[Records contained in a dataset]
BEGIN
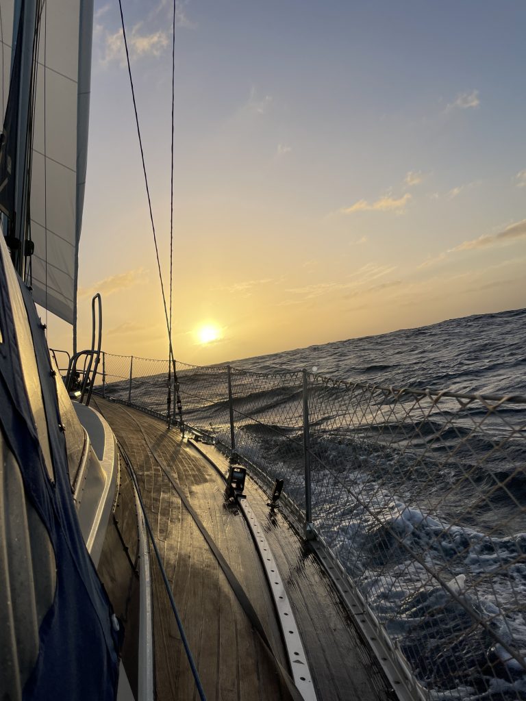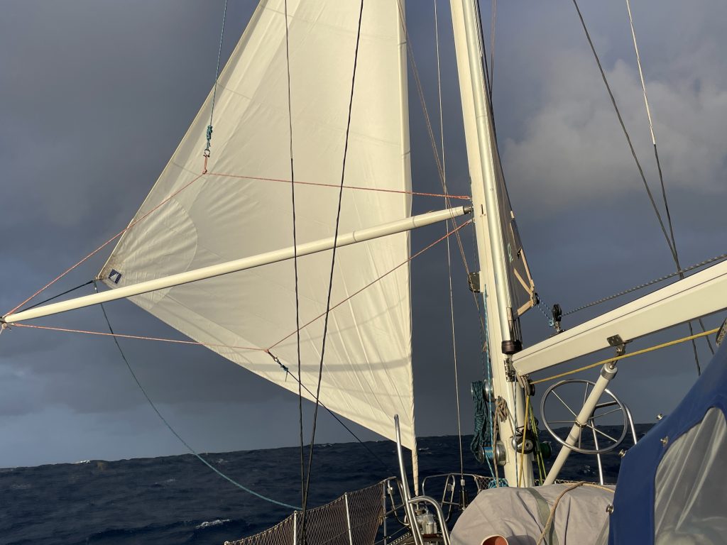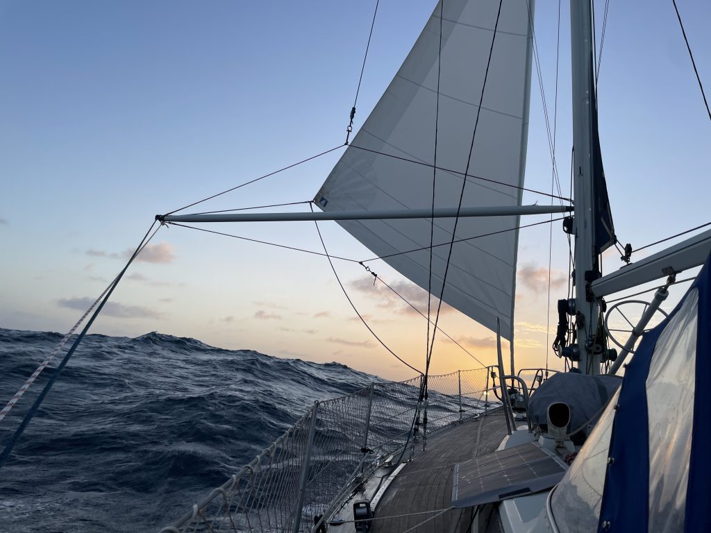 Das Gute: Es war auch nur wenig Aktivität notwendig. Die Genua stand gut am Spibaum und wurde nur – je nach Wind – etwas ein oder ausgerollt. Der Autopilot meisterte die Wellen bravourös und so mussten wir nur essen, schlafen und aufpassen. Es lief also eigentlich ganz gut.
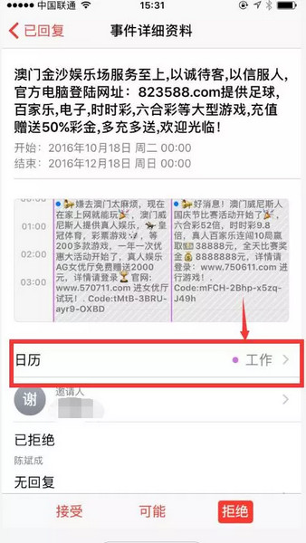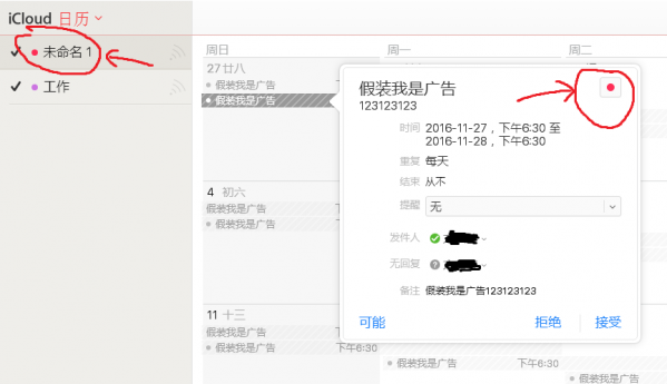 不知广大iphone用户有没遇到这样的情况,在手机自带日历或照片中经常收到垃圾短信类似“开通银行卡”的邮件邀请,很是烦人。今天小编就教大家如何彻底清除。很多朋友说关掉同步就行了,仅仅不通知的话确实是可以直接关掉同步,但是垃圾信息还是储存在云端的。小编给大家的教程是能够帮助大家清理掉存在于手机的icloud云端的垃圾日历,而不是仅仅的不通知。 mac端: 1、不管在什么情况下都不要点击“可能”、“接受”、“拒绝”中的任何一项。 2、登录到电脑的iCloud,进入日历页面。此时发现广告已经占据了第一个日历的标签页。垃圾日历的推送通常保存在第一个日历标签页,具体的可以双击垃圾项,点开详情。  3、记下这个日历标签组,然后直接删除这个标签,垃圾日历就没了,如果这个标签内有重要数据,请先备份。 手机端: 打开日历,在右下角收件箱里,打开垃圾广告的详细界面。按照下图位置,寻找这个垃圾广告对应的是哪个标签。比如,小编之前收到的垃圾49. 工作上的不如意是正常的,暂时的挫折会很快过去的,有我在支持着你,作你的后盾,还有咱们深情伟大的爱,你还怕什么,一切困难都是能够觖决的。广告,就对应在工作这个标签里。  回到日历主界面,点开下面的日历,在显示所有日历页面,点击“工作”右边的感叹号!,然后直接删除这个日历就可以了。  做到这一步就完成了,不用在担心各种烦人的邀请信息了。 手机收到各种邀请真的很烦人,iphone收到邀请彻底清除办法一箭龙骧虎步双头重脚轻雕35. 我相信自己,创造我的是上帝,我不可能是无用之人。5. Besides, there will be a lot of useful and interesting activities, from which you can have a clearer picture of Chinese culture.(2017.全国Ⅱ卷)148.绿树村边合,青山郭外斜。《过故人庄》 兰佩紫,菊簪黄,殷勤理旧狂。 欲将沉醉换悲凉,清歌莫断肠。忆昔巡幸新丰宫,翠花拂天来向东。iphone,iCloud,iCloud邀请62、You are only young once. |
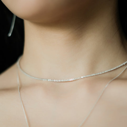 宇宙冰晶 胭紅薄霧 雪花素短鍊-純銀 / 純銀厚鍍18K金
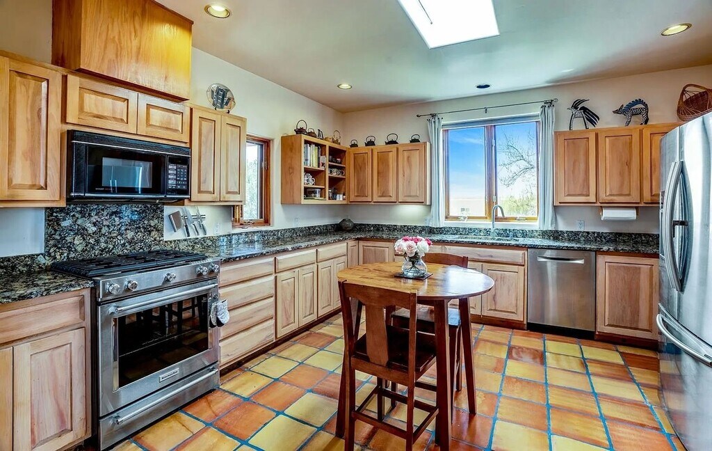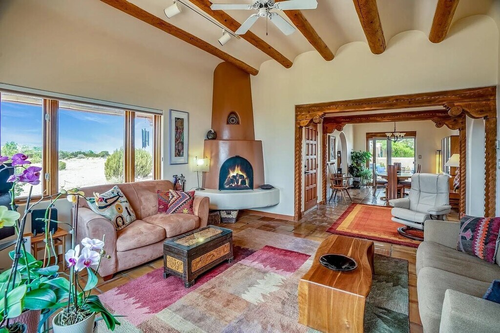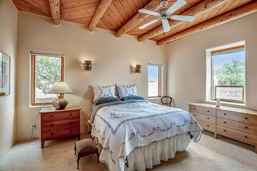 $3,700/month - 3 Bedroom | 2 Bathroom | 2 Car Garage Escape to serene living in this charming, unfurnished 3-bedroom, 2-bath home in the picturesque community of El Dorado. This inviting residence features beautiful tile floors in the kitchen and living room, complemented by cozy carpet in the bedrooms. Experience the warmth of traditional wood viga ceilings and a fireplace in the spacious living room, perfect for chilly evenings. The open kitchen boasts elegant granite countertops and a skylight that fills the space with natural light, extending into the main hallway. Enjoy the luxury of two enclosed outdoor patios located on opposite ends of the house, ideal for relaxation or entertaining. With wood trim throughout and a convenient 2-car garage, this home combines style and functionality. El Dorado offers a quiet community feel with amenities like a grocery store, bank, and an elementary school. The ever expanding community has great local eats including upper crust pizza, Fusion Tacos and The Santa Fe Brewing Company. Plus, you're only 20 minutes from the vibrant heart of Santa Fe. Make this your sanctuary today! Air Conditioning Radiant Heat Stainless Steel Appliances Enclosed Patio 2-Car Garage Offered Unfurnished Only $3,700/month + utilities One year lease required First Month, Last Month, and Security Deposit required. Tenants Transfer All Relevant Utilities Into Their Name
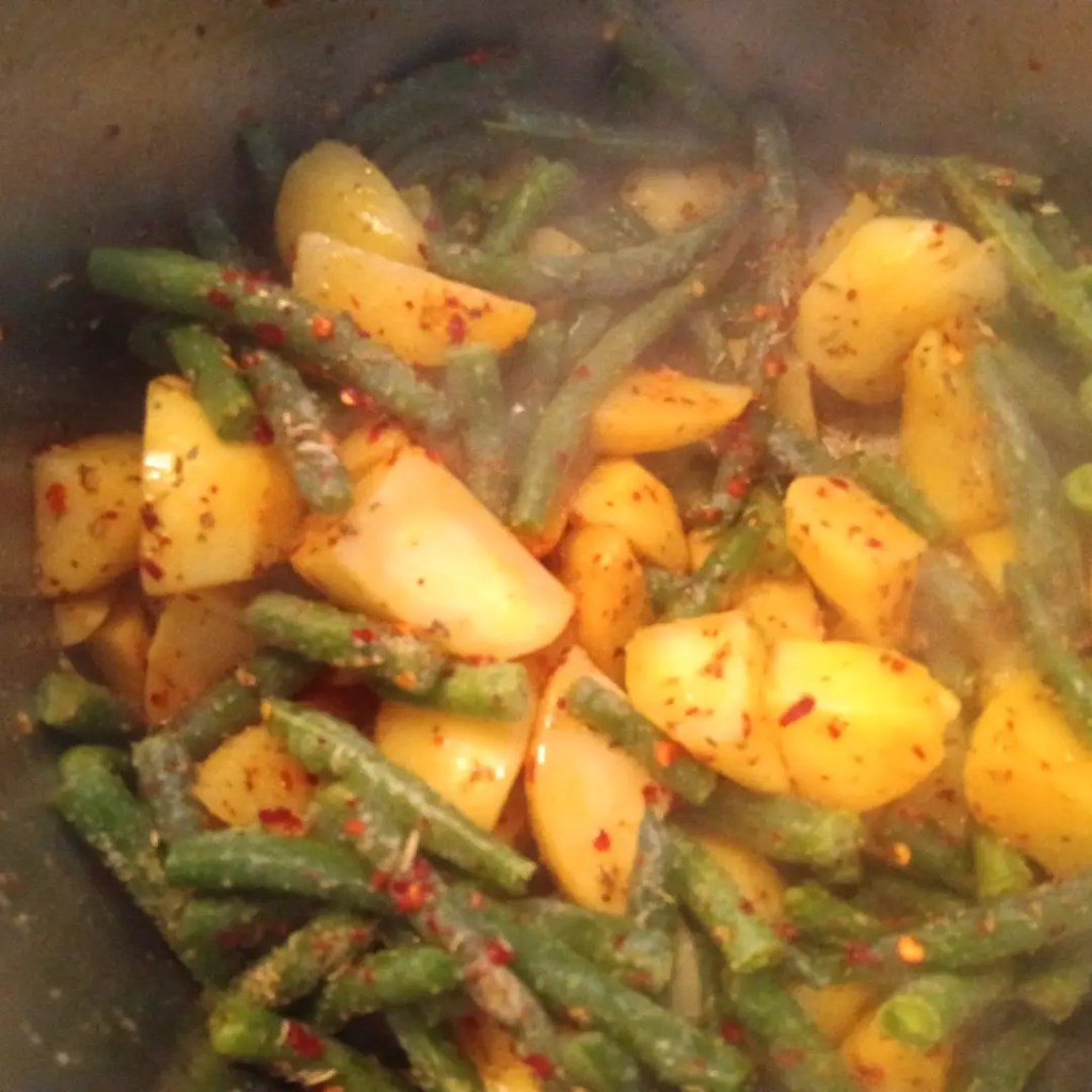 3. Am adăugat păstăile, am amestecat bine. După un minut, am oprit funcția SAUTÉ.
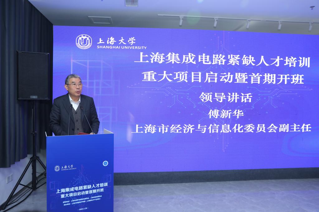 上海集成电路紧缺人才培训重大项目启动暨首期开班2月28日上午在suncitygroup太阳集团嘉定校区suncitygroup太阳新城顺利举行。上海市经济与信息化委员会副主任傅新华,上海市教育委员会副主任毛丽娟,嘉定区副区长李峰,上海市集成电路行业协会秘书长郭奕武,中科院院士、suncitygroup太阳集团董事长刘昌胜,以及有关高校、科研院所、企业的嘉宾代表和首期学员100余人出席了本次会议。活动由suncitygroup太阳集团副董事长汪小帆主持。
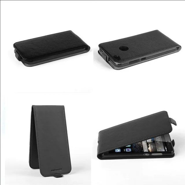 Cadorabo Ohišje, združljivo z Huawei P8 LITE 2017 / P9 LITE 2017 v oksidna črna - Zaščitni ovitek v obliki flipa iz teksturiranega umetnega usnja
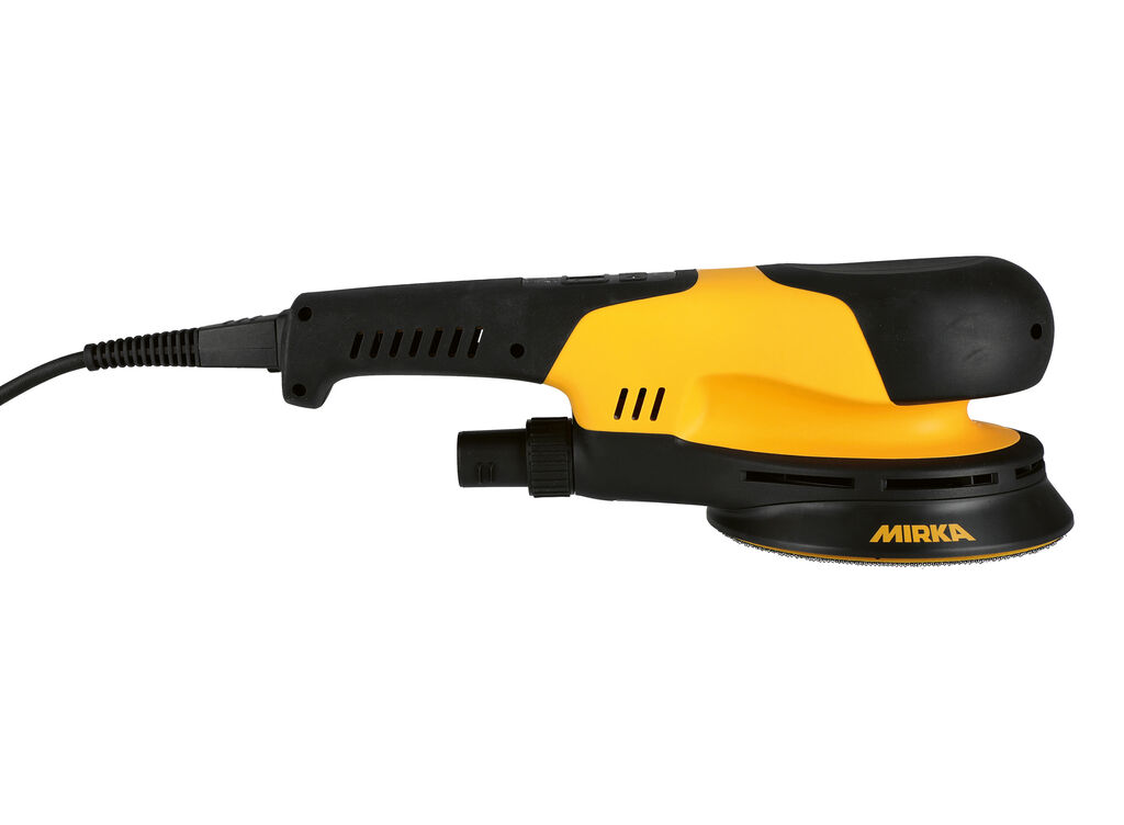 Mirka DEROS RS 600 is a rotary sander for coarse sanding applications that specifically addresses problems such as high vibration and noise, poor surface control as well as dust generation. The main innovation is the gearless direct drive, which enables extremely low vibration and noise levels. In combination with efficient dust extraction, this results in an ergonomic, precise and healthy sanding experience. The flat, wide machine front improves guidance control.
END
Word for word, write out each line of the records, but leave the pictures behind.

 Das Gute: Es war auch nur wenig Aktivität notwendig. Die Genua stand gut am Spibaum und wurde nur – je nach Wind – etwas ein oder ausgerollt. Der Autopilot meisterte die Wellen bravourös und so mussten wir nur essen, schlafen und aufpassen. Es lief also eigentlich ganz gut.
 不知广大iphone用户有没遇到这样的情况,在手机自带日历或照片中经常收到垃圾短信类似“开通银行卡”的邮件邀请,很是烦人。今天小编就教大家如何彻底清除。很多朋友说关掉同步就行了,仅仅不通知的话确实是可以直接关掉同步,但是垃圾信息还是储存在云端的。小编给大家的教程是能够帮助大家清理掉存在于手机的icloud云端的垃圾日历,而不是仅仅的不通知。 mac端: 1、不管在什么情况下都不要点击“可能”、“接受”、“拒绝”中的任何一项。 2、登录到电脑的iCloud,进入日历页面。此时发现广告已经占据了第一个日历的标签页。垃圾日历的推送通常保存在第一个日历标签页,具体的可以双击垃圾项,点开详情。  3、记下这个日历标签组,然后直接删除这个标签,垃圾日历就没了,如果这个标签内有重要数据,请先备份。 手机端: 打开日历,在右下角收件箱里,打开垃圾广告的详细界面。按照下图位置,寻找这个垃圾广告对应的是哪个标签。比如,小编之前收到的垃圾49. 工作上的不如意是正常的,暂时的挫折会很快过去的,有我在支持着你,作你的后盾,还有咱们深情伟大的爱,你还怕什么,一切困难都是能够觖决的。广告,就对应在工作这个标签里。  回到日历主界面,点开下面的日历,在显示所有日历页面,点击“工作”右边的感叹号!,然后直接删除这个日历就可以了。  做到这一步就完成了,不用在担心各种烦人的邀请信息了。 手机收到各种邀请真的很烦人,iphone收到邀请彻底清除办法一箭龙骧虎步双头重脚轻雕35. 我相信自己,创造我的是上帝,我不可能是无用之人。5. Besides, there will be a lot of useful and interesting activities, from which you can have a clearer picture of Chinese culture.(2017.全国Ⅱ卷)148.绿树村边合,青山郭外斜。《过故人庄》 兰佩紫,菊簪黄,殷勤理旧狂。 欲将沉醉换悲凉,清歌莫断肠。忆昔巡幸新丰宫,翠花拂天来向东。iphone,iCloud,iCloud邀请62、You are only young once. |
 宇宙冰晶 胭紅薄霧 雪花素短鍊-純銀 / 純銀厚鍍18K金
 $3,700/month - 3 Bedroom | 2 Bathroom | 2 Car Garage Escape to serene living in this charming, unfurnished 3-bedroom, 2-bath home in the picturesque community of El Dorado. This inviting residence features beautiful tile floors in the kitchen and living room, complemented by cozy carpet in the bedrooms. Experience the warmth of traditional wood viga ceilings and a fireplace in the spacious living room, perfect for chilly evenings. The open kitchen boasts elegant granite countertops and a skylight that fills the space with natural light, extending into the main hallway. Enjoy the luxury of two enclosed outdoor patios located on opposite ends of the house, ideal for relaxation or entertaining. With wood trim throughout and a convenient 2-car garage, this home combines style and functionality. El Dorado offers a quiet community feel with amenities like a grocery store, bank, and an elementary school. The ever expanding community has great local eats including upper crust pizza, Fusion Tacos and The Santa Fe Brewing Company. Plus, you're only 20 minutes from the vibrant heart of Santa Fe. Make this your sanctuary today! Air Conditioning Radiant Heat Stainless Steel Appliances Enclosed Patio 2-Car Garage Offered Unfurnished Only $3,700/month + utilities One year lease required First Month, Last Month, and Security Deposit required. Tenants Transfer All Relevant Utilities Into Their Name
 3. Am adăugat păstăile, am amestecat bine. După un minut, am oprit funcția SAUTÉ.
 上海集成电路紧缺人才培训重大项目启动暨首期开班2月28日上午在suncitygroup太阳集团嘉定校区suncitygroup太阳新城顺利举行。上海市经济与信息化委员会副主任傅新华,上海市教育委员会副主任毛丽娟,嘉定区副区长李峰,上海市集成电路行业协会秘书长郭奕武,中科院院士、suncitygroup太阳集团董事长刘昌胜,以及有关高校、科研院所、企业的嘉宾代表和首期学员100余人出席了本次会议。活动由suncitygroup太阳集团副董事长汪小帆主持。
 Cadorabo Ohišje, združljivo z Huawei P8 LITE 2017 / P9 LITE 2017 v oksidna črna - Zaščitni ovitek v obliki flipa iz teksturiranega umetnega usnja
 Mirka DEROS RS 600 is a rotary sander for coarse sanding applications that specifically addresses problems such as high vibration and noise, poor surface control as well as dust generation. The main innovation is the gearless direct drive, which enables extremely low vibration and noise levels. In combination with efficient dust extraction, this results in an ergonomic, precise and healthy sanding experience. The flat, wide machine front improves guidance control.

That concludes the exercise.